### TO DO
No pictures belong in the copy. Retype exactly, and only, the stretch of lines below from the one with "Explore the beauty" through the one with "L’Autorité marocaine du".
[DATA TO PROCESS Boundary: Start]
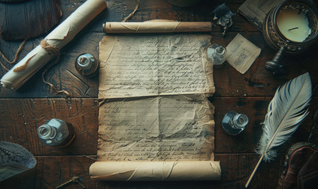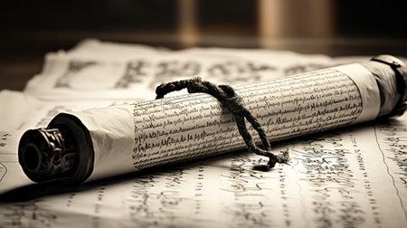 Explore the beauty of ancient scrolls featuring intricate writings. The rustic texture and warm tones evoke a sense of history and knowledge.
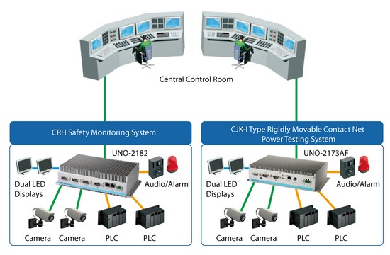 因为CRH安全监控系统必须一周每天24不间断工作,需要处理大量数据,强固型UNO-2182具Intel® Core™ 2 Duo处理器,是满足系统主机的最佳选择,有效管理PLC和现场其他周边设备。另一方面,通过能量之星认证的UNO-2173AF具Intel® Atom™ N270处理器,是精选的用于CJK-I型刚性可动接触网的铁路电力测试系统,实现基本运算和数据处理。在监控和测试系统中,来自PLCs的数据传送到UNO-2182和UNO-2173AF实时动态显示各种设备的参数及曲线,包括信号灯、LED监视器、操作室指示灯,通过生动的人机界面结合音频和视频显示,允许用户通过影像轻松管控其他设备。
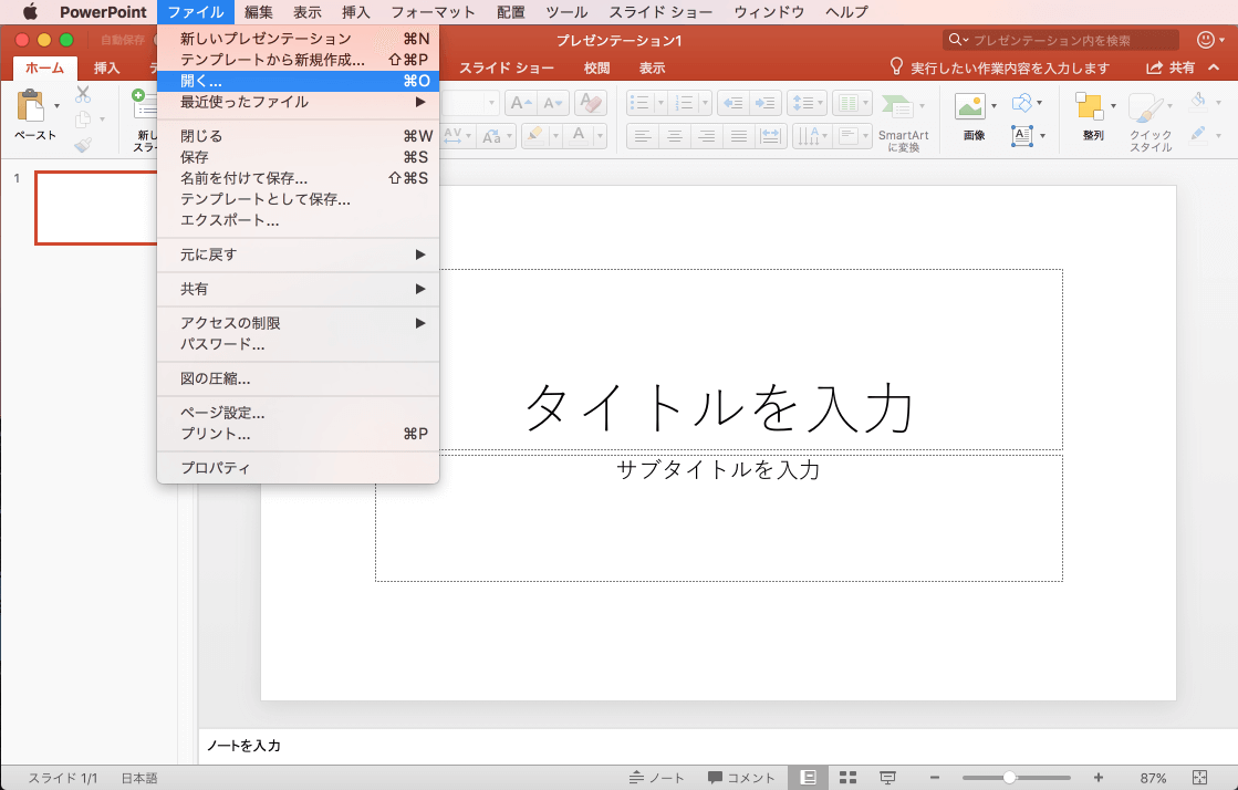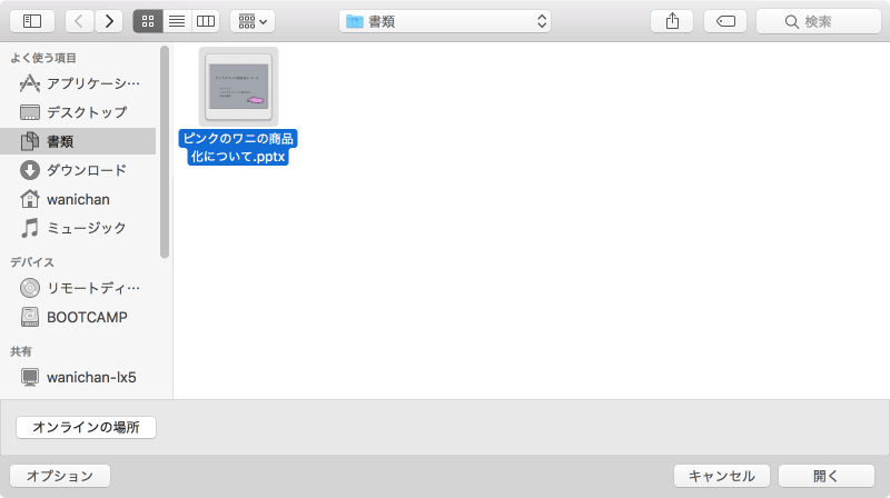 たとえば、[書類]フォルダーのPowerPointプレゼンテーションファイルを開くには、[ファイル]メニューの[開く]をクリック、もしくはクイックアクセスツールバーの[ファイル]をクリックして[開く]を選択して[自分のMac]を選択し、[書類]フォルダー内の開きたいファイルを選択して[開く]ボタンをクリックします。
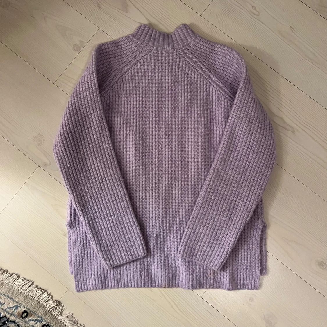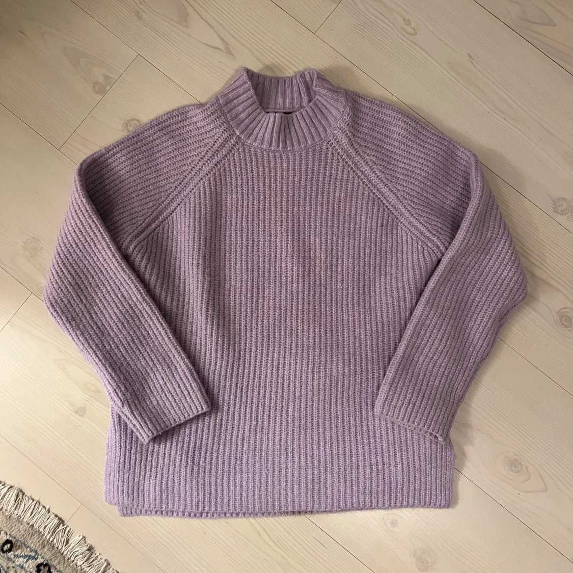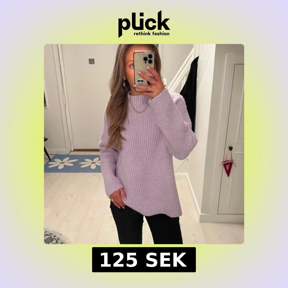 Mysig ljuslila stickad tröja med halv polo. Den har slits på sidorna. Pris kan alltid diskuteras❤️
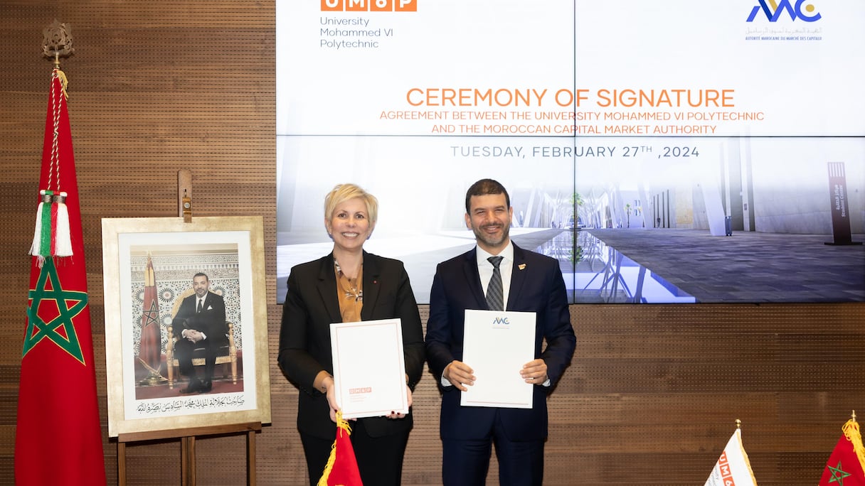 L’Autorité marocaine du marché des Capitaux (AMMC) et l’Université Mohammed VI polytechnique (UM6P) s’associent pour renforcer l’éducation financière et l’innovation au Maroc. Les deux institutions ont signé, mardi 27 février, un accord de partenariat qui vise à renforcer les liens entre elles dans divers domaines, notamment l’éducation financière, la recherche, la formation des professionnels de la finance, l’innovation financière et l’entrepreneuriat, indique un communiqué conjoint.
[DATA TO PROCESS Boundary: End]
[DATA TO PROCESS Boundary: Start]
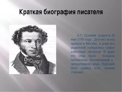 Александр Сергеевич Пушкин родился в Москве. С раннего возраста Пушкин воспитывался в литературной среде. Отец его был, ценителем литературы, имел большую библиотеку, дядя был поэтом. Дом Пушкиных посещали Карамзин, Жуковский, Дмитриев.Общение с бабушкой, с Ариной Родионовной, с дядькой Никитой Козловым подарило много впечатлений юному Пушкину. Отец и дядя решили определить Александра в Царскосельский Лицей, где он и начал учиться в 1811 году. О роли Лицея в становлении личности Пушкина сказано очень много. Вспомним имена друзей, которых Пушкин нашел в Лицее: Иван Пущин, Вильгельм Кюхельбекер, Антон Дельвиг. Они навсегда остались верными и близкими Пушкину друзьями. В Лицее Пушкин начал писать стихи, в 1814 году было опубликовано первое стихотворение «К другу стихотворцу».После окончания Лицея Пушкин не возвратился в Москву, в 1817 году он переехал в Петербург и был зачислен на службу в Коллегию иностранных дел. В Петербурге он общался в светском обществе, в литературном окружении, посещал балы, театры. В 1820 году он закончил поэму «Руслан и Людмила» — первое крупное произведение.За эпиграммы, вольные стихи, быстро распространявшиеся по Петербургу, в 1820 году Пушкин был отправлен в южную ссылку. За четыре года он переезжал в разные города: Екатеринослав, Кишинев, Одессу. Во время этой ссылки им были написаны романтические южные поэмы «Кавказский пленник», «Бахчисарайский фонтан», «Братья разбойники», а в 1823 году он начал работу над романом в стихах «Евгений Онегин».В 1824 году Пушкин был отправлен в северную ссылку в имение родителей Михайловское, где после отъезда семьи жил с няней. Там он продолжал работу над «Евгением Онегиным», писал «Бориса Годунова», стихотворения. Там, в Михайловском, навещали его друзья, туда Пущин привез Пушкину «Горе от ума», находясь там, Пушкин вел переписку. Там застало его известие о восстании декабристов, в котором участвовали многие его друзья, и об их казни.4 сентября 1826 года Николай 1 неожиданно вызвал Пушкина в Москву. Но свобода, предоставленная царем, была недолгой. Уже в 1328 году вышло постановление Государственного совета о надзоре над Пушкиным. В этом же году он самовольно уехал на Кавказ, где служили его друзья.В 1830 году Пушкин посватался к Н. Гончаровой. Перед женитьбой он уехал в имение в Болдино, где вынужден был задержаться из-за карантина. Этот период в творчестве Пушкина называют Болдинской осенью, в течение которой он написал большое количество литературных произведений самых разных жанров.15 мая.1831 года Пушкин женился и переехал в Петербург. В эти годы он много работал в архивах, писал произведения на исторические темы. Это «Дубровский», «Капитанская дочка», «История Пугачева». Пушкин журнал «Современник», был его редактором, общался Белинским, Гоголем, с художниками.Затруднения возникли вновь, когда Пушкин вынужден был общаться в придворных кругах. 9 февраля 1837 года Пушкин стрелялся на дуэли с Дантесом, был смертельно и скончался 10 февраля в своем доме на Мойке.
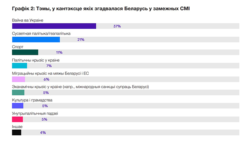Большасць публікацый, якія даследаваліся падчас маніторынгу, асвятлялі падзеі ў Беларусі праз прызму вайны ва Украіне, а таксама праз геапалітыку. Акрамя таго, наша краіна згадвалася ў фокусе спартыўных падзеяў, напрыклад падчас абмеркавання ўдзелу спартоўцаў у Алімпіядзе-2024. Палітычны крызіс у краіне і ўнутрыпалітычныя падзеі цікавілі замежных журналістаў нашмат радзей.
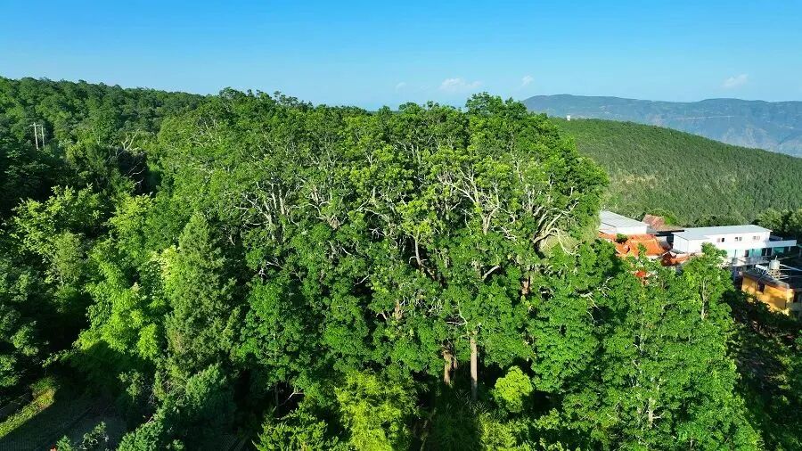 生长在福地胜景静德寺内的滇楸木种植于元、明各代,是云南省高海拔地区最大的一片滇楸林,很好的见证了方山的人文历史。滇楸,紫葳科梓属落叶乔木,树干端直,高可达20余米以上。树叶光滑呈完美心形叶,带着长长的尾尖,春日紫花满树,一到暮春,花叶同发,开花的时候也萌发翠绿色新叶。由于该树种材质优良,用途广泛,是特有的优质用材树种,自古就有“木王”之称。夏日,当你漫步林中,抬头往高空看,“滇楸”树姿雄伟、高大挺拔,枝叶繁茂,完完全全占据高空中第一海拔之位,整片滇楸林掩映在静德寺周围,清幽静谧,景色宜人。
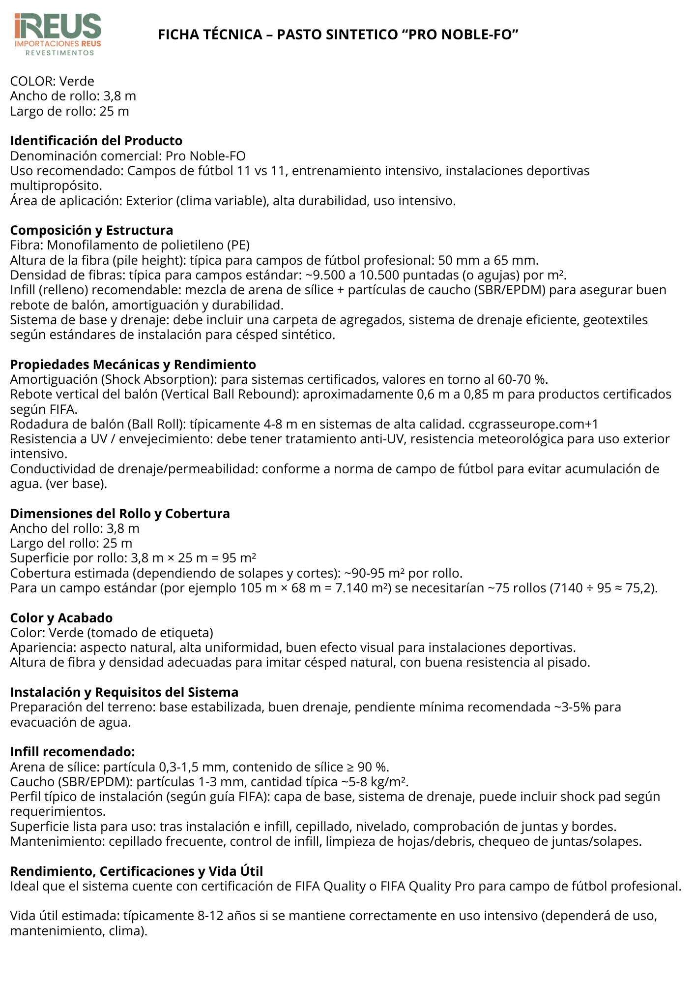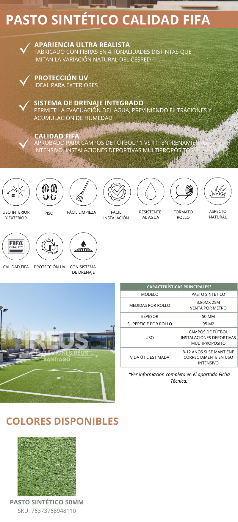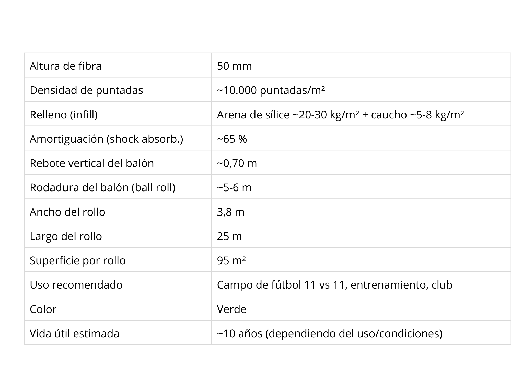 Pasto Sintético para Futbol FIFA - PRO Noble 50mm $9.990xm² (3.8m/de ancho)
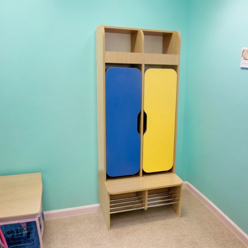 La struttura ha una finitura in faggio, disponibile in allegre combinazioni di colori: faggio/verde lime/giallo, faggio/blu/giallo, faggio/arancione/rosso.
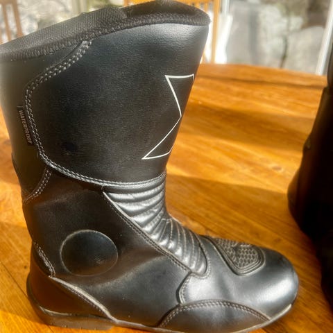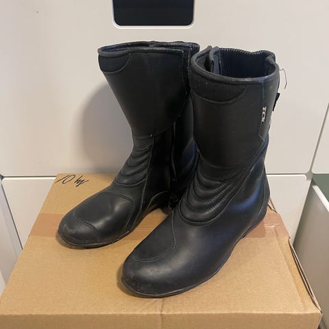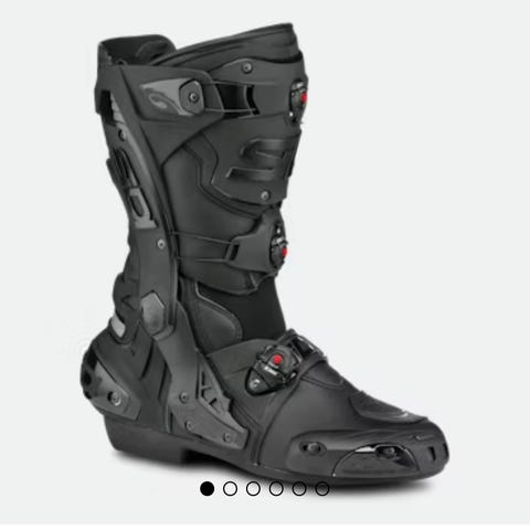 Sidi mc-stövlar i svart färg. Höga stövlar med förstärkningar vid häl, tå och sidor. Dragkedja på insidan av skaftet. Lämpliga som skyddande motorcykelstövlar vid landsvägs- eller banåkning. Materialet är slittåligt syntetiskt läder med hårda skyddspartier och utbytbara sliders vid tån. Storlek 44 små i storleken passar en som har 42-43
[DATA TO PROCESS Boundary: End]
[DATA TO PROCESS Boundary: Start]
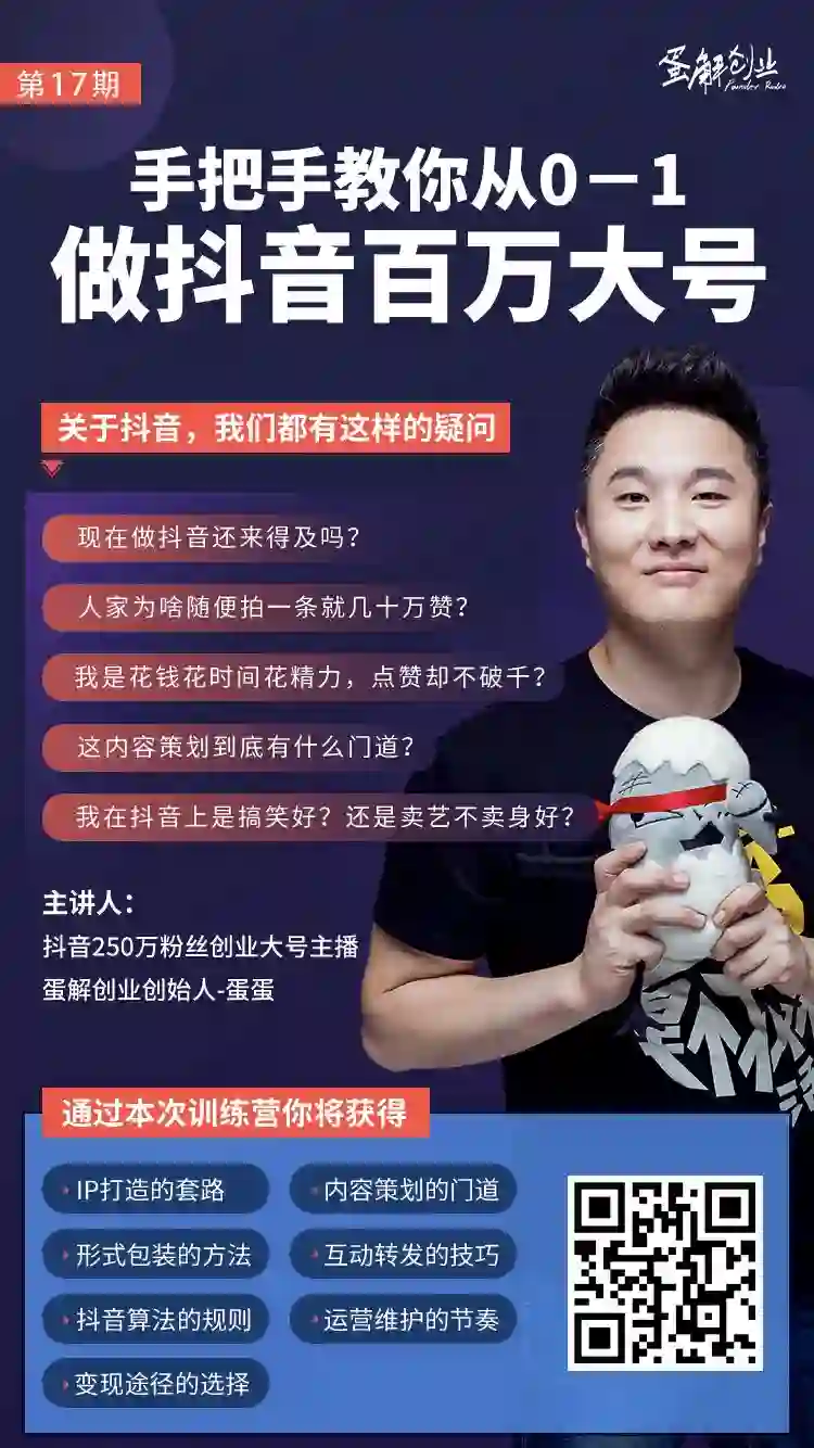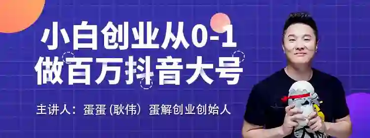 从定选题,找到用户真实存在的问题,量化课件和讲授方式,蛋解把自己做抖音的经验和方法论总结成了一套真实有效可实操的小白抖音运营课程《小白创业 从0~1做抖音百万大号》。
[DATA TO PROCESS Boundary: End]
### THE ANSWER
 Explore the beauty of ancient scrolls featuring intricate writings. The rustic texture and warm tones evoke a sense of history and knowledge.
 因为CRH安全监控系统必须一周每天24不间断工作,需要处理大量数据,强固型UNO-2182具Intel® Core™ 2 Duo处理器,是满足系统主机的最佳选择,有效管理PLC和现场其他周边设备。另一方面,通过能量之星认证的UNO-2173AF具Intel® Atom™ N270处理器,是精选的用于CJK-I型刚性可动接触网的铁路电力测试系统,实现基本运算和数据处理。在监控和测试系统中,来自PLCs的数据传送到UNO-2182和UNO-2173AF实时动态显示各种设备的参数及曲线,包括信号灯、LED监视器、操作室指示灯,通过生动的人机界面结合音频和视频显示,允许用户通过影像轻松管控其他设备。
 たとえば、[書類]フォルダーのPowerPointプレゼンテーションファイルを開くには、[ファイル]メニューの[開く]をクリック、もしくはクイックアクセスツールバーの[ファイル]をクリックして[開く]を選択して[自分のMac]を選択し、[書類]フォルダー内の開きたいファイルを選択して[開く]ボタンをクリックします。
 Mysig ljuslila stickad tröja med halv polo. Den har slits på sidorna. Pris kan alltid diskuteras❤️
 L’Autorité marocaine du marché des Capitaux (AMMC) et l’Université Mohammed VI polytechnique (UM6P) s’associent pour renforcer l’éducation financière et l’innovation au Maroc. Les deux institutions ont signé, mardi 27 février, un accord de partenariat qui vise à renforcer les liens entre elles dans divers domaines, notamment l’éducation financière, la recherche, la formation des professionnels de la finance, l’innovation financière et l’entrepreneuriat, indique un communiqué conjoint.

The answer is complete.